Hello everyone,
I have a OpenCL 1.2 kernel which is performing far from optimal on a R9 Fury (a 32 core bulldozer CPU works twice as fast ...)
I think the problem may be in the amount of bit-shift and and, or and xor on char arrays
hereby the instruction count of the kernel from oclgrind from a reduced problem:
Instructions executed for kernel:
12566568 - add
10649560 - xor
8650762 - or
7774218 - lshr
7421960 - shl
5783500 - load private (22183918 bytes)
4767752 - store private (15466538 bytes)
4227257 - br
3858597 - getelementptr
2277394 - and
2179249 - icmp
2129972 - zext
2072606 - phi
770050 - load local (3080200 bytes)
679940 - bitcast
524288 - call llvm.bswap.i32()
475145 - trunc
344066 - store local (1376264 bytes)
303240 - ret
163846 - sub
147464 - sext
147460 - ptrtoint
81922 - call memcpy()
65572 - load constant (114724 bytes)
57482 - alloca
49152 - call 1Update()
32768 - call 1Transform()
16386 - call memcpyc()
16386 - call 1Updatec()
16384 - call memcpyzero()
16384 - call 1Updatezero()
16384 - call 1Final()
16384 - call 1Init()
16384 - call 1_vector()
16384 - call memcpywithIDs()
16382 - select
8192 - call hmac_sha1_vector()
128 - load global (512 bytes)
15 - call get_global_id()
4 - store global (16 bytes)
currently, I can't use the amd APP SDK to further analyze the program, as the running pc has no monitor, and the monitoring pc is an intel/nvidia laptop
I ordered a mobile firepro card on ebay to be able to execute openCL on that laptop, but in meantime, maybe somebody here already has some interesting thoughts?

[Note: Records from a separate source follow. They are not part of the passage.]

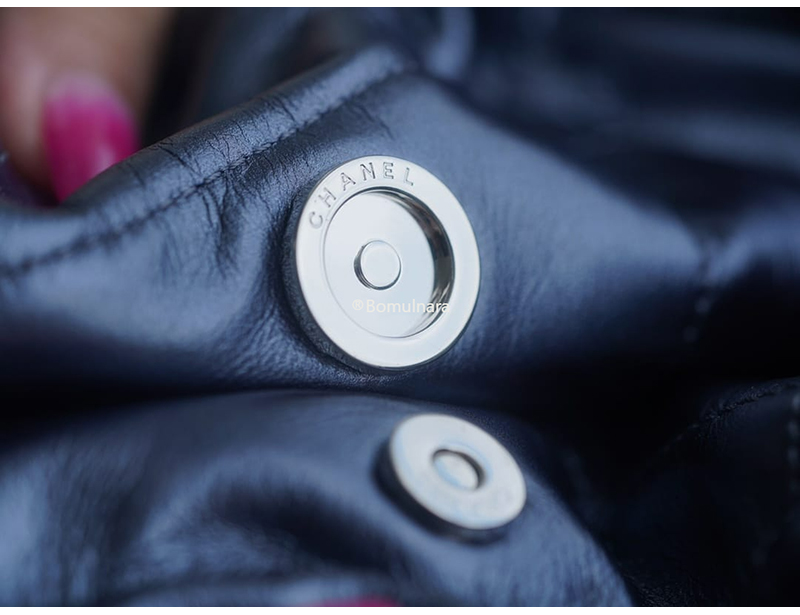 -레더와 역은 메탈 체인과 퀄팅 패턴
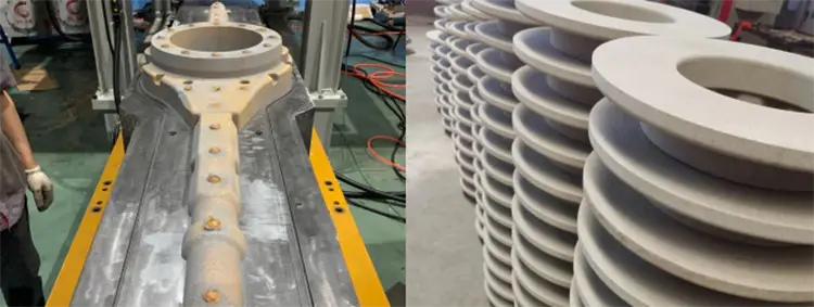 అద్భుతమైన నిలువు ఇసుక బ్లాస్టింగ్. అచ్చు యొక్క క్షితిజ సమాంతర విడిపోవడం |
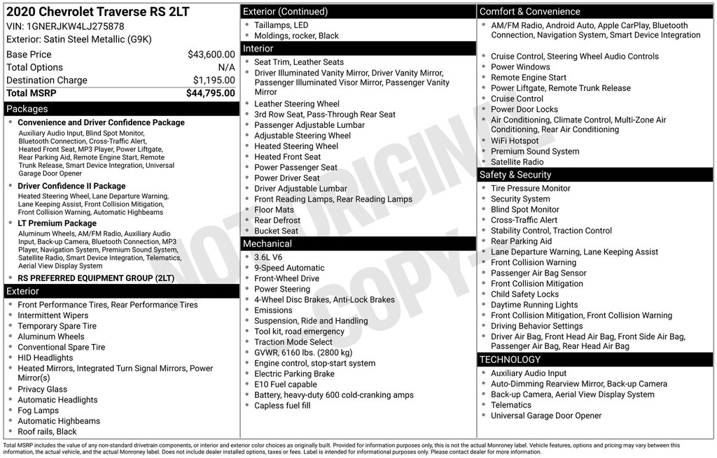 Whether you're shuttling the family, embarking on a road trip, or tackling your daily commute, the 2020 Chevrolet Traverse RS is the perfect companion. Experience the perfect blend of style, capability, and technology that this versatile SUV has to offer.
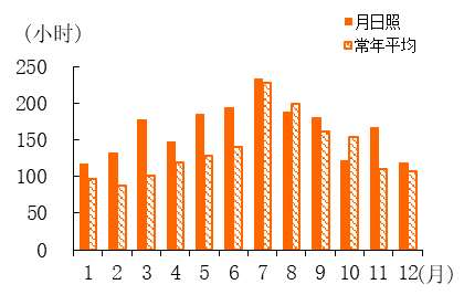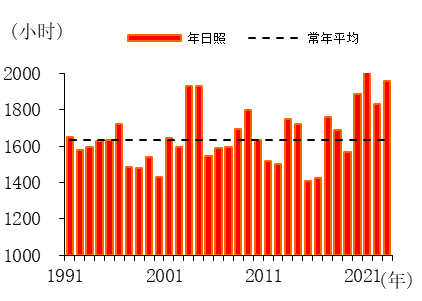 日照时数。全市平均年日照时数1958.3小时,比常年平均多20.1%,异常度为2.4,属异常偏多,是1991年以来次多年份(仅比2021年少)。其中,早春季(3—4月)和雨季(5—6月)显著偏多,其余季节均正常。从各月日照时数来看,3月异常偏多,5月、6月和11月显著偏多,2月和4月偏多,其余月份正常。
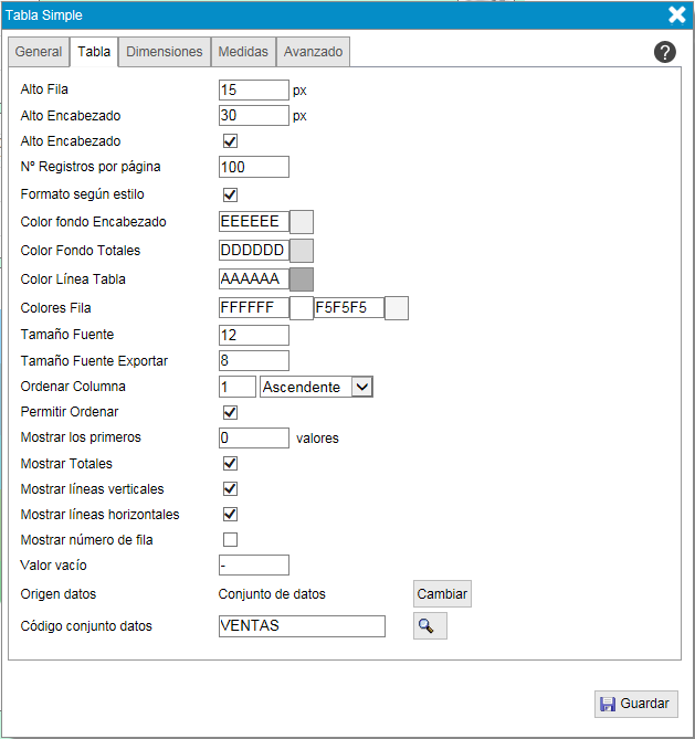 - Colores Fila. Colores que se aplican a las filas de la tabla de forma intercalada, sólo si la opción "Colores según estilo"
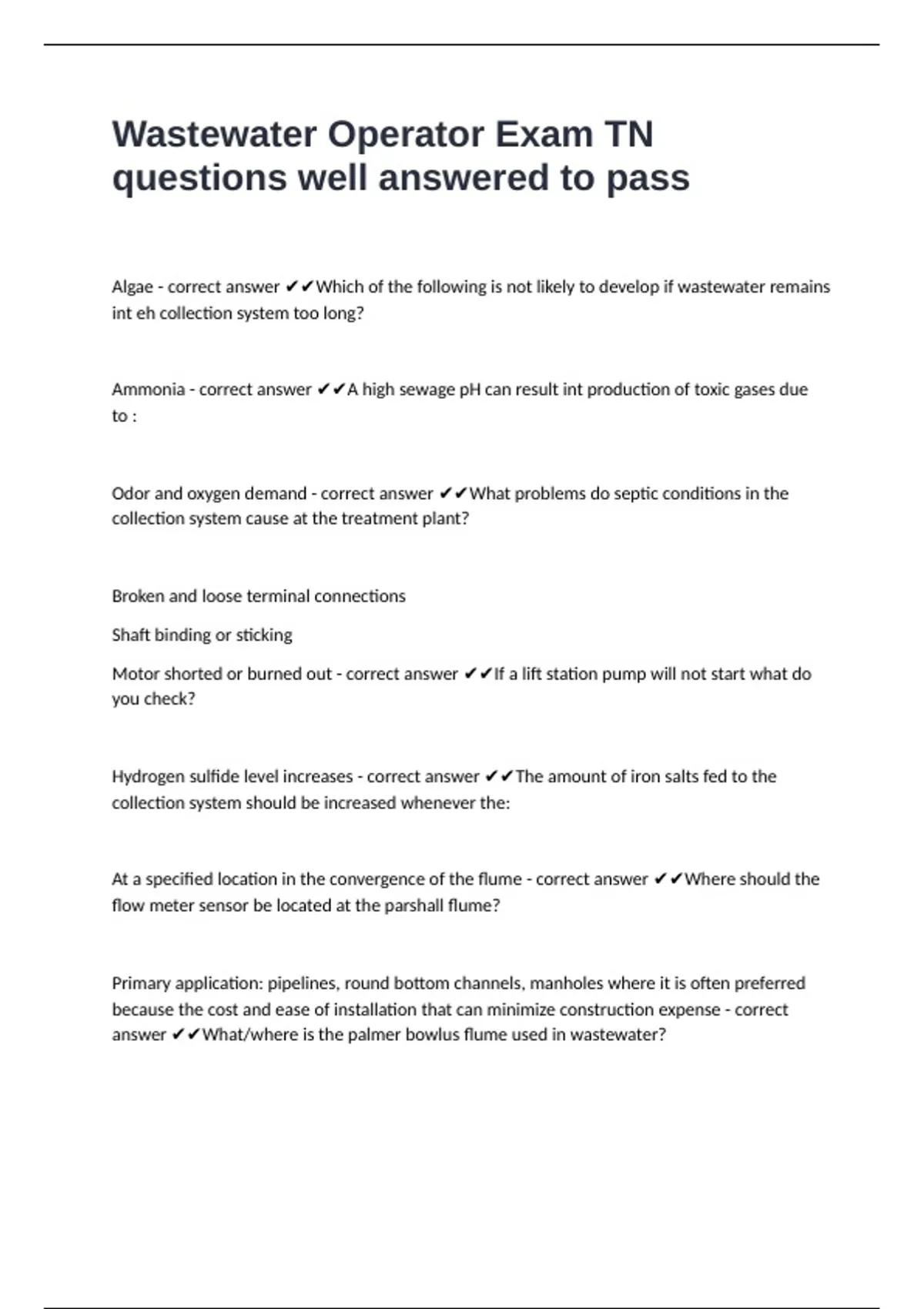 Wastewater Operator Exam TN questions well answered to passAlgae - correct answer Which of the following is not likely to develop if wastewater remains int eh collection system too long? Ammonia - correct answer A high sewage pH can result int production of toxic gases due to : Odor and oxygen demand - correct answer What problems do septic conditions in the collection system cause at the treatment plant? Broken and loose terminal connections Shaft binding or sticking Motor shorted or burned out - correct answer If a lift station pump will not start what do you check? Hydrogen sulfide level increases - correct answer The amount of iron salts fed to the collection system should be increased whenever the: At a specified location in the convergence of the flume - correct answer Where should the flow meter sensor be located at the parshall flume?
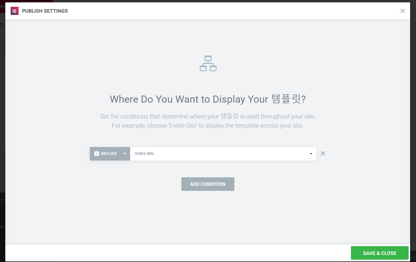 템플릿 편집 화면에서 왼쪽 하단의 Update 옆에 있는 화살표를 클릭하고 Display Conditions(표시 조건)을 눌러 해당 템플릿 표시될 위치가 올바르게 설정되었는지 체크해 보세요.
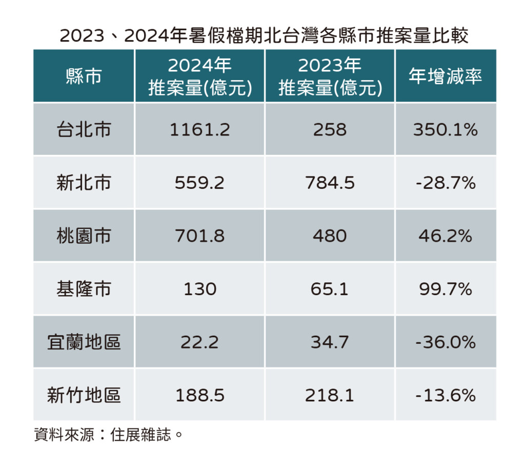 而去年房市環境不確定因素多,建商一整年都且戰且走放不開,兼之平均地權條例修正案7月上路,暑假檔期弱勢更屬應當,來到今年房市翻揚,兩年相較回溫50.1%就不意外。桃園市、基隆市、台北市同比成長46.2%至350.1%,最值得注意莫過於台北市,推案量突破千億元,達同期新高紀錄,比去年同期爆增350.1%,量能占了北台灣超過4成,成為熱況主因,其中也在於文山區「元利四季莊園」海量推案助攻,凸顯台北市門牌鍍金,長期看好,建商趁勢推案,毫不遲疑。一案定江山的還有基隆市,暖暖區破百億案量的「甲山林城上城2-美麗上城」於此時間點開案,讓推案量較少、比較基期低的基隆市兩年相比有倍數成長。
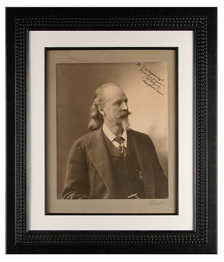 Extraordinary matte-finish 13.25 x 16.25 photo of the legendary Wild West showman by the Gessford Studio of New York, signed and inscribed in bold fountain pen, ?To?F. W. Kavanaugh, from his friend, W. F. Cody, ?Buffalo Bill.?? The lower right corner of the mount is signed in pencil by the photography studio. Impressively matted and framed to an overall size of 25.25 x 29. In fine condition, with light stains along the top and bottom edge of the mount, in no way detracting from the magnificence of the image. A magnificent oversized portrait befitting the stature of the great Buffalo Bill?undoubtedly the largest example we have offered.
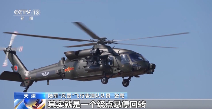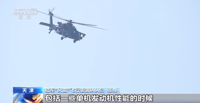陆军“风雷”飞行表演队队员 张骞:我们在展示它的突击能力的时候,包括单机发动机的性能的时候,动作体现出它发动机的跟随性特别好。它的自由涡轮的瞬间发热能力、转化成热功率的能力,包括它的复合材料的旋翼结构发出来的声音,包括它做一些动作的速度、频率、快慢,专业人员能看到这款机型的跟随性、飞控反应品质做得都非常好。
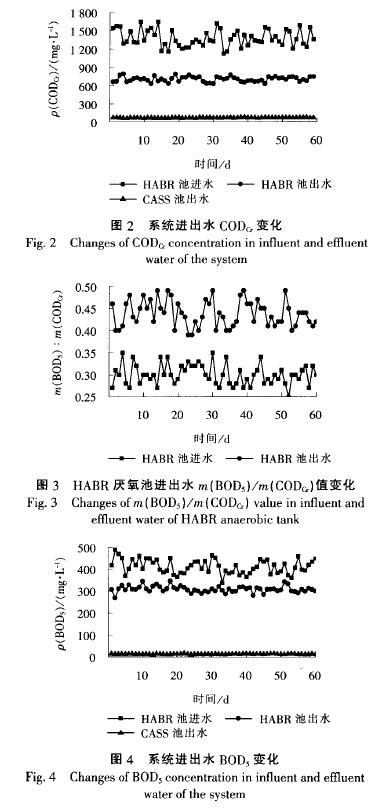 系統穩定運行2個月對有機物的去除情況見圖2~圖4。由圖2可知,在反應器COD&容積負荷為1.4 kg/(m3•d),進水CODo波動較大的情況下,HABR厭氧池對COD。的去除效果良好,平均去除率為48.8% ,與文獻[5]中的ABR反應器相比。HABR厭氧池對COD。的去除率提高4.3%。這是因為由ABR反應器增設填料構成的HABR厭氧池能利用填料加速污泥與氣泡分離.提高沉淀區域的泥水分離效率.降低污泥流失.從而能截留更多的生物量.增加反應器的有效泥量.提高了反應器的容積負荷和處理效果。由圖3、圖4可知,HABR厭氧池對BOD 的平均去除率僅為25.3%,但經過HABR厭氧池處理后,廢水的m(BOD )/m(COD。)均值由進水的0.30提高到出水的0.44,大大提高了廢水的可生化性.為后續的CASS反應池的進一步處理創造了有利的條件HABR厭氧池出水進入后續CASS反應池進行進一步處理 CASS反應池在時間序列上以推流方式運行.而各個反應區則以完全混合的方式運行.
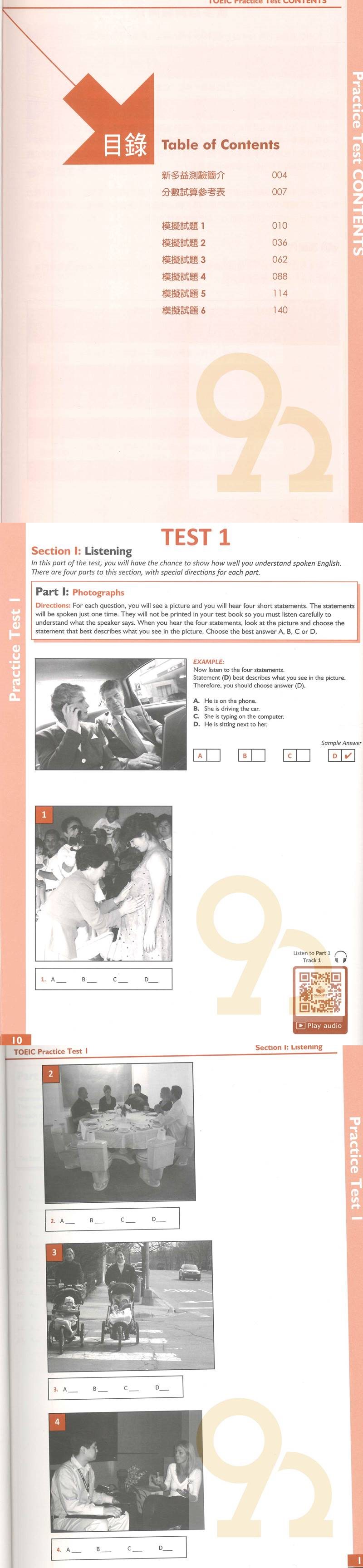 新制多益六回全真模擬試題,全新聽力閱讀題目,熟悉七大題型,輕鬆累積臨場應考實力。
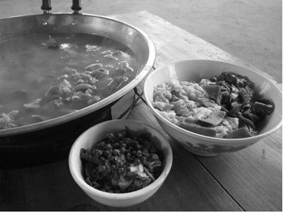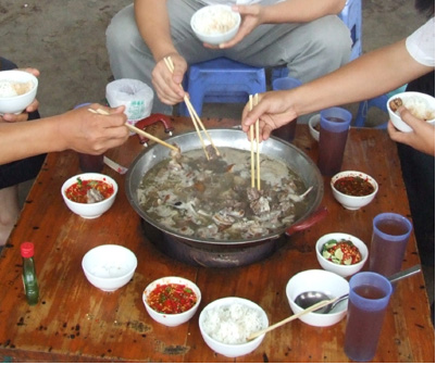中医认为:狗肉有温肾助阳,壮力气,补血脉的功效。一般人皆可食用,老年人则更佳。如今,狗肉已是马关餐厅、宾馆酒楼必不可少的美味佳肴。特别是在县城的两个农贸市场,狗肉汤锅(清汤狗肉、也称为地摊狗肉)的生意是几乎天天火爆。不仅本地人吃,而且外地游客也吃;就是外地的朋友到马关,马关的朋友都要带他们去品尝马关的名特小吃地摊狗肉。其制作工序是:挑选无病活狗,杀死后用开水烫毛脱净,用稻草、豆秆等烧狗皮至有裂痕,清水刮洗干净。开肠破肚,取出内脏用清水洗净。将狗肉砍成大块或整个放于大锅内煮熟,再取出切成小块,用原汁原味的狗肉清汤置于火锅内,配上草果、八角、大蒜、柑橘叶子等佐料煮沸,再加上特制的蘸水(糊辣椒面、花椒、薄荷、芳香油、大蒜等佐料),即可食用。
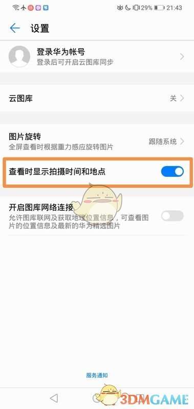 4、然后点击开启查看显示时间和地点开关。这样操作完成,华为手机中的图片库的图片就会按照拍摄时间顺序进行排序了。
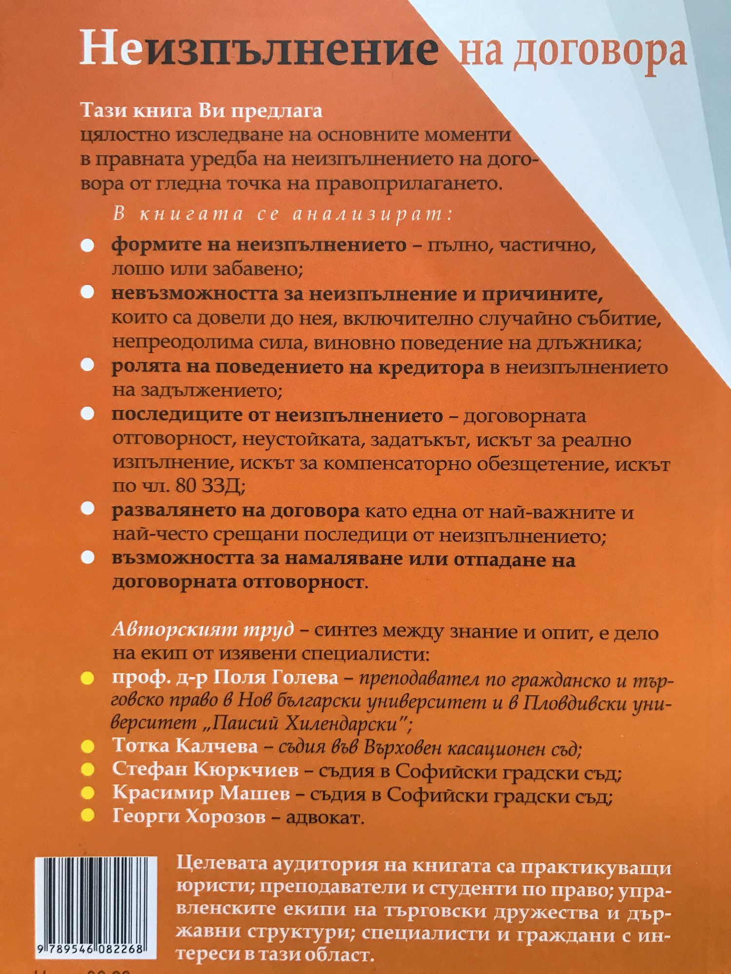 Това уникално издание Ви предлага: цялостно изследване на основните моменти в правната уредба на неизпълнението на договора от гледна точка на правоприлагането. В книгата се анализират: формите на неизпълнението - пълно, частично, лошо или забавено; невъзможността за неизпълнение и причините, които са довели до нея, включително случайно събитие, непреодолима сила, виновно поведение на длъжника; ролята на поведението на кредитора в неизпълнението на задължението; последиците от неизпълнението - договорната отговорност, неустойката, задатъкът, искът за реално изпълнение, искът за компенсаторно обезщетение, искът по чл. 80 ЗЗД; развалянето на договора като една от най-важните и най-често срещани последици от неизпълнението; възможността за намаляване или отпадане на договорната отговорност. Авторският труд - синтез между знание и опит, е дело на екип от изявени специалисти: проф. д-р Поля Голева - преподавател по гражданско и търговско право в Нов български университет и в Пловдивски университет „Паисий Хилендарски"; Тотка Калчева - съдия във Върховен касационен съд; Стефан Кюркчиев - съдия в Софийски градски съд; Красимир Машев - съдия в Софийски градски съд; Георги Хорозов - адвокат Целева аудитория: Практикуващи юристи, преподаватели и студенти по право, управленските екипи на търговски дружества и държавни структури, специалисти и граждани с интереси в тази област.
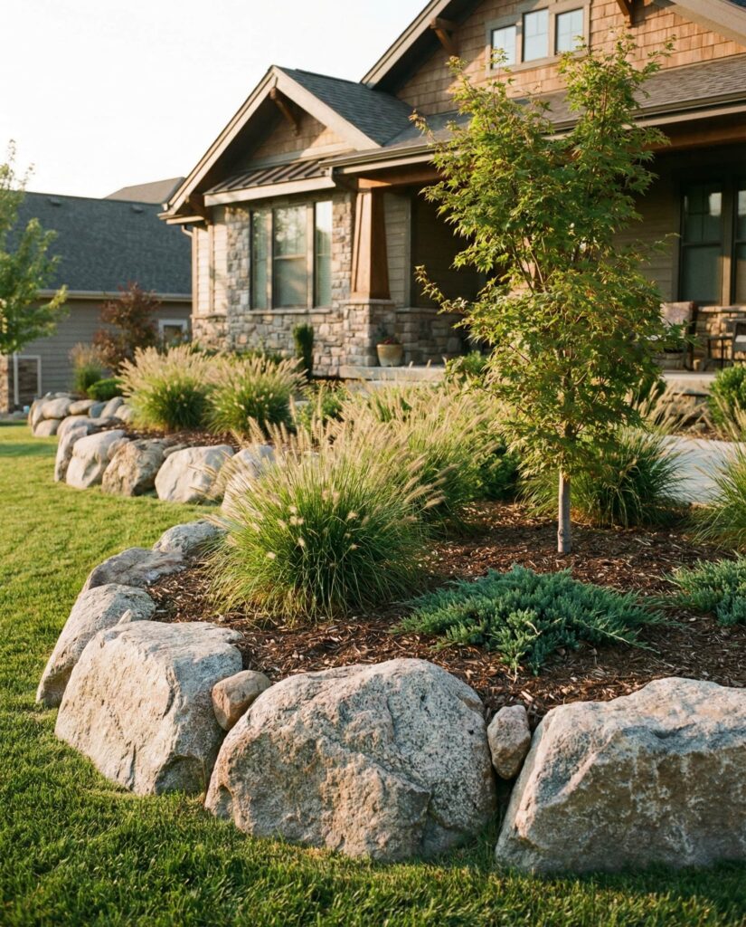 Using large rocks as a Border around the Front house creates a clear visual frame without fencing. This idea works especially well in the Front yard, where stone outlines planting beds while keeping the House visually grounded. I’ve noticed designers often combine rocks and mulch to reduce maintenance and highlight architectural lines. When paired and trees or low Grasses, the effect feels calm and natural, not ornamental. This approach suits homeowners who want structure without rigidity, especially in Full sun areas where plants alone struggle. The rocks quietly protect root zones, prevent soil erosion, and give the Front of the property a sense of permanence that matures beautifully over time.

All ideas are appreciated!
What I already thought of:
instead of putting things like this in my code:
(ctx->d[128] is a local integer array)
digest[12] = (unsigned char)(ctx->d[localid] >> 24);
digest[13] = (unsigned char)(ctx->d[localid] >> 16) & 255;
digest[14] = (unsigned char)(ctx->d[localid] >> 😎 & 255;
digest[15] = (unsigned char)(ctx->d[localid]) & 255;
do something like
typedef union {
uchar[4] l1;
uint d;
} workaround;
and then use the workaround.l1 instead.
would this be a good idea? or is this just nonsense?
thanks!
Just want to mention one point. As the above workaround code depends on underlying endianness, so it should be used carefully. Otherwise, portability might be an issue.
Hi Dipak,
Yes, I'm fully aware of that, but I guess that when the code is only meant to be executed on AMD devices, endianess will not be a problem, right?
If you're aware of the pitfalls, you can try the union version and compare it with the previous performance. To improve the effective memory bandwidth, it's better to access the "workaround" union as whole (as 32-bit value) from local memory or global memory and place it in register before accessing the values in element-wise manner.